A job search campaign after leaving the military is likely to seem loaded with more heartaches than military life ever did. Many military professionals with excellent job skills have had to lower their career expectations. They accept lesser positions to remain employed due to a lack of civilian understanding of how military training benefits a business.

This is particularly true for one or two term enlisted military personnel that are less well educated than their senior military cohorts. Several former military personnel members will accept jobs that do not commensurate for their skills and abilities they learned in the military. Few employers understand or will compensate adequately for maturity development, and leadership qualities.

Much too often, prospective employers offer lower wages to military retirees knowing they are receiving retired pay, and falsely believe retirees do not merit the same compensation as civilians applying for the same position.

However, the negative predisposition is dying and a new wave of successful former military personnel turned business owners are emerging.
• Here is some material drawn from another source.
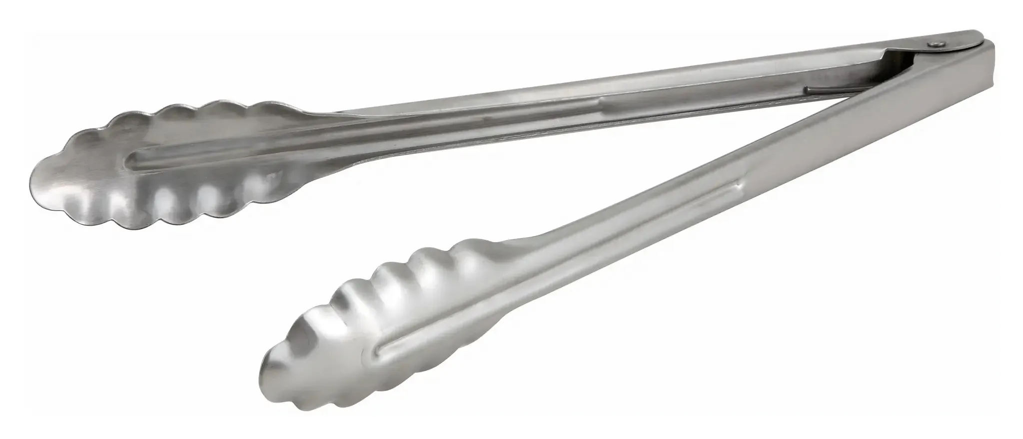 Achieve perfect results every time with the Winco Utility Tongs. Designed specifically for the demanding environment of a restaurant kitchen, these tongs are crafted from extra heavy weight 1.2 millimeter stainless steel, ensuring durability and longevity. The coiled spring mechanism provides a smooth and reliable operation, making it easy to handle even the most delicate ingredients with precision. The scalloped edge of the Winco Utility Tongs offers a secure grip, allowing chefs to effortlessly turn, lift, and serve food without slipping. This feature is particularly beneficial when dealing with slippery or delicate items, such as pasta or seafood. The robust construction of these tongs ensures they can withstand the rigors of daily use in a busy kitchen, maintaining their performance and appearance over time. Incorporating the Winco Utility Tongs into your kitchen arsenal means you can handle a variety of tasks with ease, from flipping steaks on the grill to serving salads at the table. The extra heavy weight design provides a substantial feel, giving chefs confidence in their tools and enhancing their overall efficiency. While the model number UT-12HT may not be the first thing you consider, it signifies the high-quality engineering and attention to detail that Winco is known for. These tongs are an essential tool for any professional kitchen, combining functionality, durability, and ease of use in one reliable package. Upgrade your kitchen with the Winco Utility Tongs and experience the difference that quality tools can make in your culinary creations.

After completing military service, many military veterans are being sought after by franchise recruiters peddling small business ownership in the form of franchises.

High quality franchisees that have built or are building a reputation for quality and success are attracted to the self discipline, work ethic and perseverance needed to succeed both in the military and with franchise companies. Military personnel are experienced working within a system, which is a key skill for a franchisee ownership.
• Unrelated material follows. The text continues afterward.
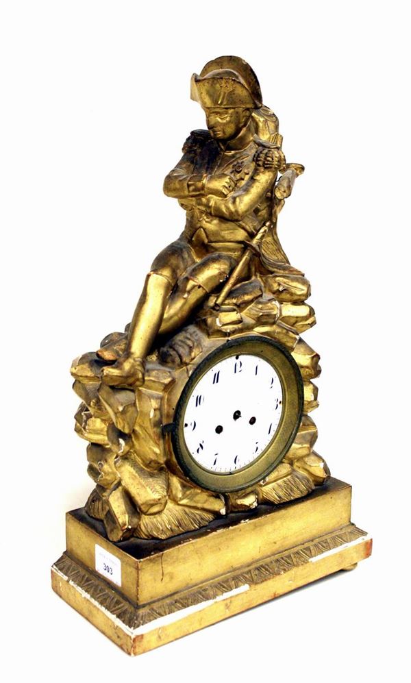 in legno dorato e intagliato, mostra circolare con sovrastante scultura raffigurante Napoleone, cm 27x12,5x45

Dina Dwyer-Owens, President and Chief Executive of Dwyer Group Inc., is a Waco, Texas based company that owns seven franchise brands, and is also chairwoman of International Franchise Assn.'s Veterans Transition Franchise Initiative, or Vet Fran. Vet Fran is a program started by her father, Don Dwyer, during the 1991 Persian Gulf War. The program, which offers franchise fee discounts to veterans, faltered after Dwyer died in 1994 and was recently revived by his daughter four years ago.
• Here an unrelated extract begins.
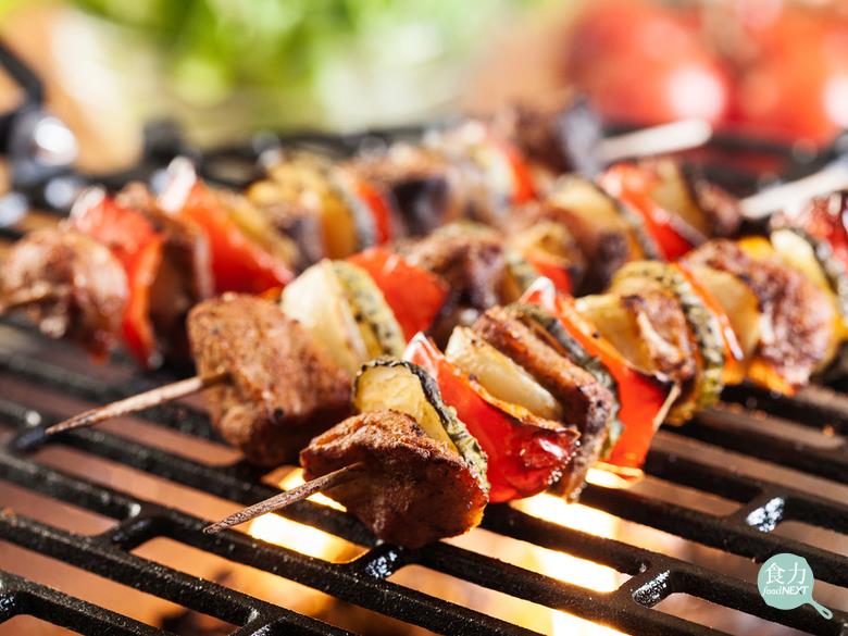 要降低PAHs形成的傷害,一邊吃烤肉一邊多吃些新鮮的蔬菜水果也有幫助。另外,以前我曾碰過好幾個案例,因為烤「肉」越吃越涮嘴,吃了大量蛋白質卻沒有補充足夠的蔬菜水果纖維,結果導致脹氣、便祕等腸胃消化問題。建議肉類可以搭配生菜包著一起吃,或者是將筊白筍、甜椒、青椒、菇類、茄子、櫛瓜、洋蔥等蔬菜食材切成塊狀,和肉類食材穿插做成肉串,這樣一來可以同時攝取到膳食纖維,不知不覺也能降低食肉量。

* In the first eight months of 2006, 231 franchises available for purchase participated in the program. Franchises included UPS Store, Dunkin Donuts and Molly Maids. This is up 30% in 2006 compared to the same period in 2005, the Vet Fran franchise group said.

* A total of 621 veterans bought franchised small businesses through the program in the first eight months of 2006 which is up 60% from 2005.

* The Small Business Administration estimates that it assisted 50% more veterans in 2006 than 2005. William Elmore, SBA associate administrator for veterans business development said "It's grown fairly significantly"

* Veterans own about 14% of all businesses with employees, according to the Small Business Administration. Choosing to buy a franchised small business instead of undertaking an independent business can address some of the concerns veterans may have about running their own business.

Former Marine Daniel Windler used a discount through the veterans franchise program to buy a Rainbow International Restoration & Cleaning franchise in the Imperial Valley in 2003. Keeping things spotless was drilled into him during his four years as a Marine, he said. "The joke around the platoon always was, If nothing else, you can always be a janitor when you get out of the services," the Yucaipa resident said. I guess I took that literally.


"If we have a weakness, it's the business side, and franchising helps you take care of that weakness," said Chuck Southern, a veteran and corporate opportunities specialist at the VA's Center for Veterans Enterprise.

For those who have business concerns, there in assistance available in a variety of forms.
They include

  • Small Business Administration assistance programs
  • Franchise Assistance
  • College courses in Entrepreneurship - on campus and online. (Also see College Entrepreneurship )

"You'll hear a lot about the system...If you follow the system, you'll be OK," Kenneth E. Rusty Roberts Jr., a former Marine. "I'm not saying that it's easy. It's not. It's very hard. But if you follow it, you will be all right."